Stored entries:
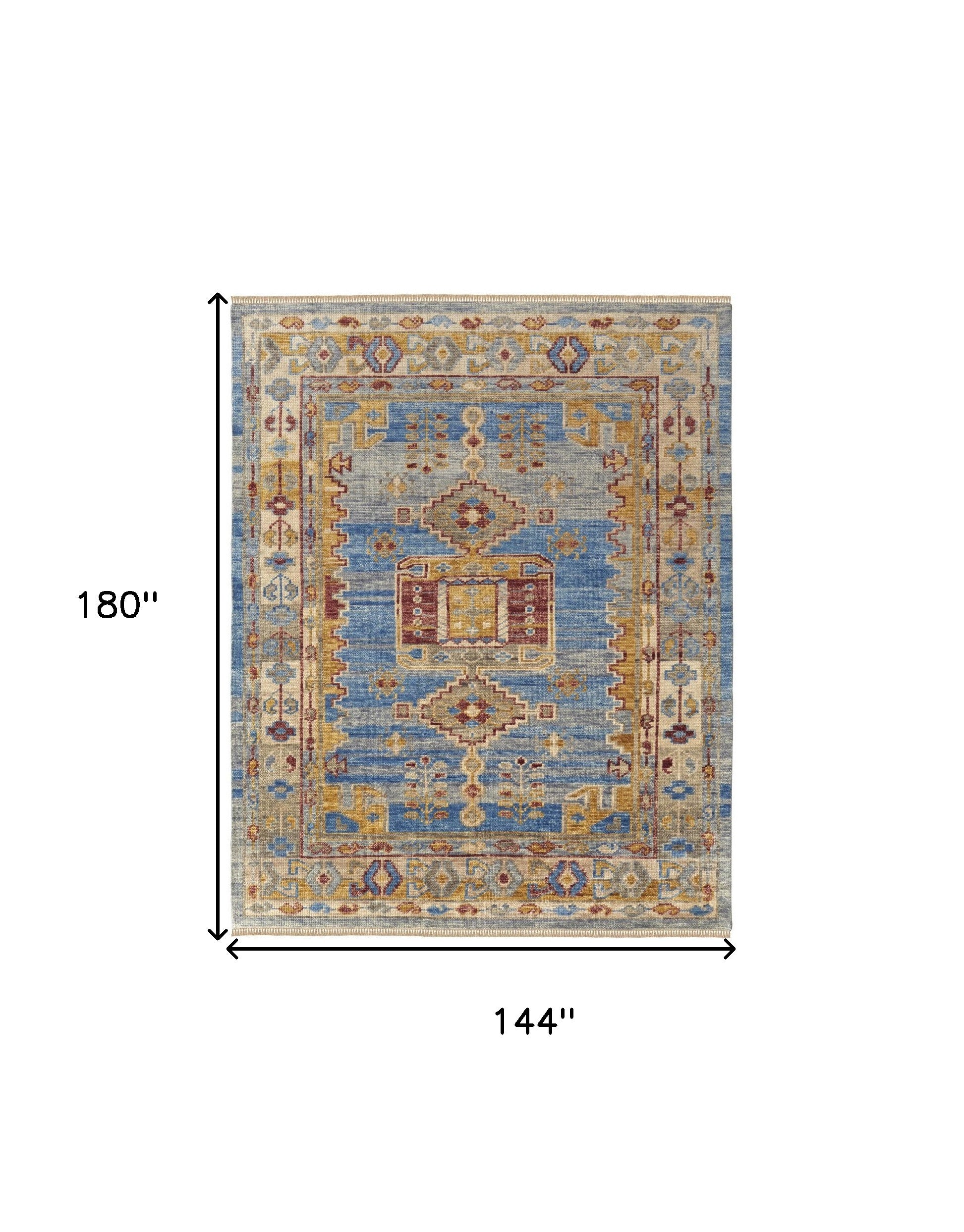 Add great coloration and comfortable texture to your space with this 12-foot x 15-foot blue red and yellow wool geometric hand knotted area rug with fringe. This rectangle shaped rug features a geometric design in blue red and yellow to give it visual interest. A classic shape marries with good looking design for your space ideal for spaces with kids and pets, this rug is stain resistant to help repel stains and spilled liquids. Tassel ends bring a timeless and fashionable look to your interior. Crafted by skilled artisans, this hand knotted rug is genuine and unique. No two will be exactly alike. Place this area rug against a hardwood or tile floor and it will enliven your living space with style and sophistication. 144-inch H x 180-inch W x 0.4-inch D
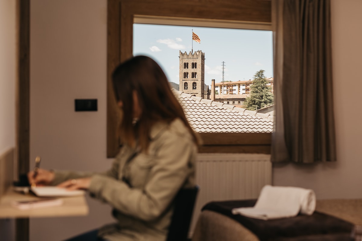 comfortable rooms with a double bed. They offer views of the monastery of Santa Maria de ripoll and the village. They have a full bathroom, hairdryer, desk, wifi, flat screen TV and parquet floor.
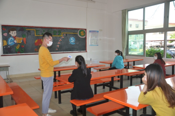 下午2:00演练正式开始,参加演练的人员各就各位,第一部分内容为返校晨检演练:各年级各班级学生错时错峰在校门外依序排队,保持一米以上距离——监测体温(晨检)——体温正常入校,如有体温异常要进行登记,水银温度计复查体温后正常方可入校,复查后异常,通知家长,学生佩戴医用口罩由家长或送医院发热门诊就诊,并做好后续追踪。
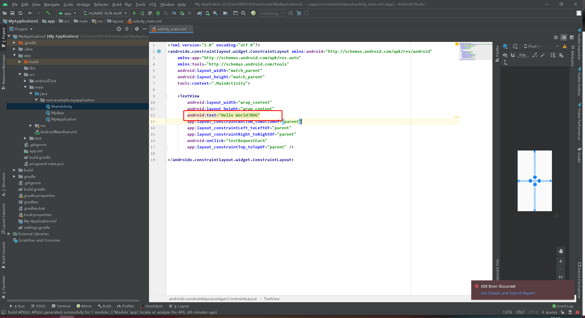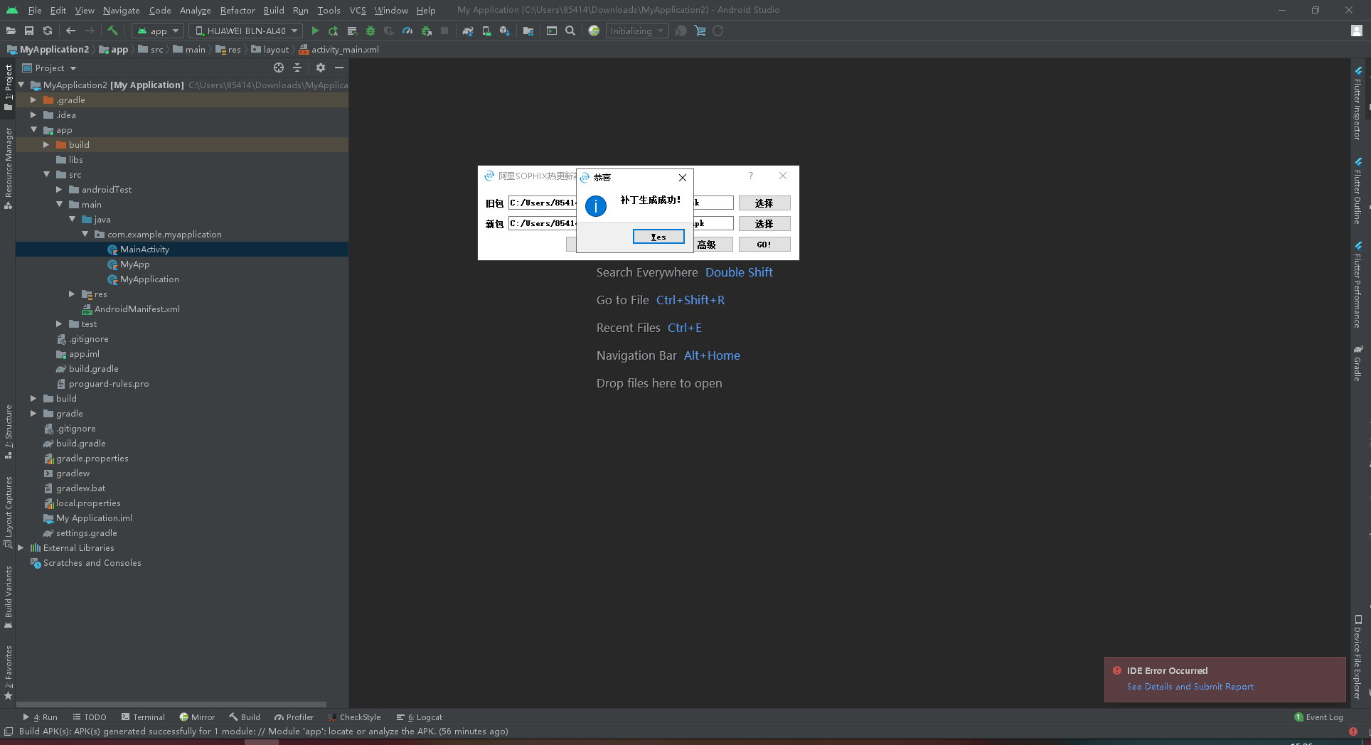 下面我们就开始生成基准包 和修改后的包 再到生成补丁(用个TextView来测试下)
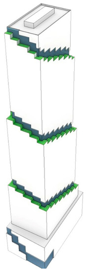 The 21-floor Teaching and Research Complex Building, designed by Jean-Paul Viguier, is located in Tongji University, Shanghai, China. This building comprises seven stacked three-floor L-shaped functional components of the same size. Each component rotates 90 degrees clockwise from the lower one, except the bottom-most one. Stacking and rotating six times, a central atrium accompanied by spiral space is formed (Table 1). Several conference halls, media centers, and public sky gardens are distributed in the spiral space [55].
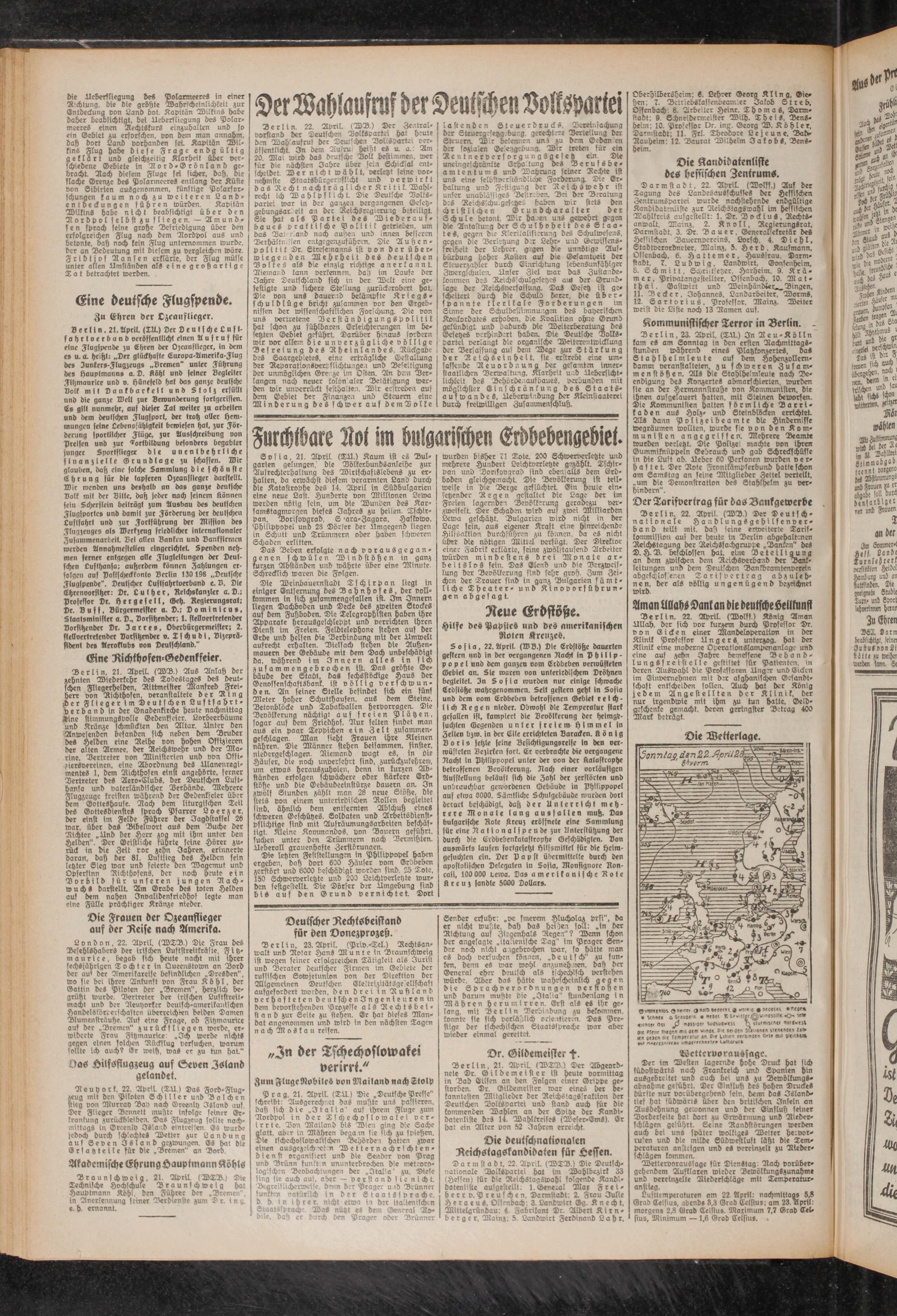 Die letzten Feststellungen in Philippopel haben ergeben, daß dort 600 Häuser vom Erdbeben zerstört und 6000 beschädigt worden sind. 25 Tote, 150 Schwerverletzte und 200 Leichtverletzte wurden festgestellt. Die Dörfer der Umgebung sind bis auf den Grund vernichtet. Dort
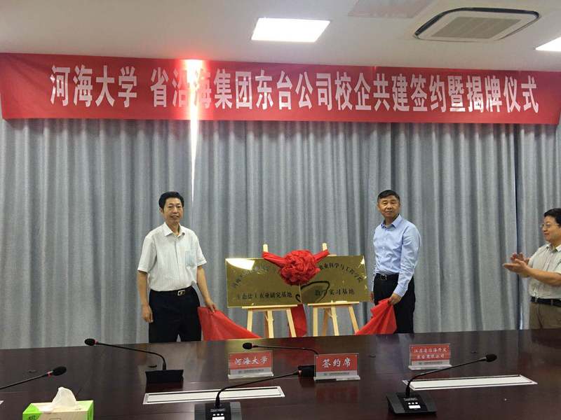 6月19日,88858cc永利官网与江苏省沿海集团东台公司举行产学研合作签约暨生态盐土农业研究基地与教学实习基地揭牌仪式。江苏省沿海集团东台公司殷建祥总经理,端敏副总经理,工程部陈杰峰经理,88858cc永利官网农工院朱成立副院长、徐俊增副院长、郭相平教授、陈立华副教授,江苏省农业农村厅耕地质量与农业环境保护站殷广德首席专家,南京农业大学赵耕毛教授等人出席揭牌仪式。朱成立副院长与殷建祥总经理分别致辞并共同为生态盐土农业研究基地与教学实习基地揭牌,朱成立副院长与端敏副总经理签署合作协议。

### Task details
Write back the stretch of lines above that begins with the line holding "下午2:00演练正式开始,参" and ends with the line holding "Die letzten Feststellungen", both included, exactly as written. Pictures stay out.

### Completed exercise
 下午2:00演练正式开始,参加演练的人员各就各位,第一部分内容为返校晨检演练:各年级各班级学生错时错峰在校门外依序排队,保持一米以上距离——监测体温(晨检)——体温正常入校,如有体温异常要进行登记,水银温度计复查体温后正常方可入校,复查后异常,通知家长,学生佩戴医用口罩由家长或送医院发热门诊就诊,并做好后续追踪。
 下面我们就开始生成基准包 和修改后的包 再到生成补丁(用个TextView来测试下)
 The 21-floor Teaching and Research Complex Building, designed by Jean-Paul Viguier, is located in Tongji University, Shanghai, China. This building comprises seven stacked three-floor L-shaped functional components of the same size. Each component rotates 90 degrees clockwise from the lower one, except the bottom-most one. Stacking and rotating six times, a central atrium accompanied by spiral space is formed (Table 1). Several conference halls, media centers, and public sky gardens are distributed in the spiral space [55].
 Die letzten Feststellungen in Philippopel haben ergeben, daß dort 600 Häuser vom Erdbeben zerstört und 6000 beschädigt worden sind. 25 Tote, 150 Schwerverletzte und 200 Leichtverletzte wurden festgestellt. Die Dörfer der Umgebung sind bis auf den Grund vernichtet. Dort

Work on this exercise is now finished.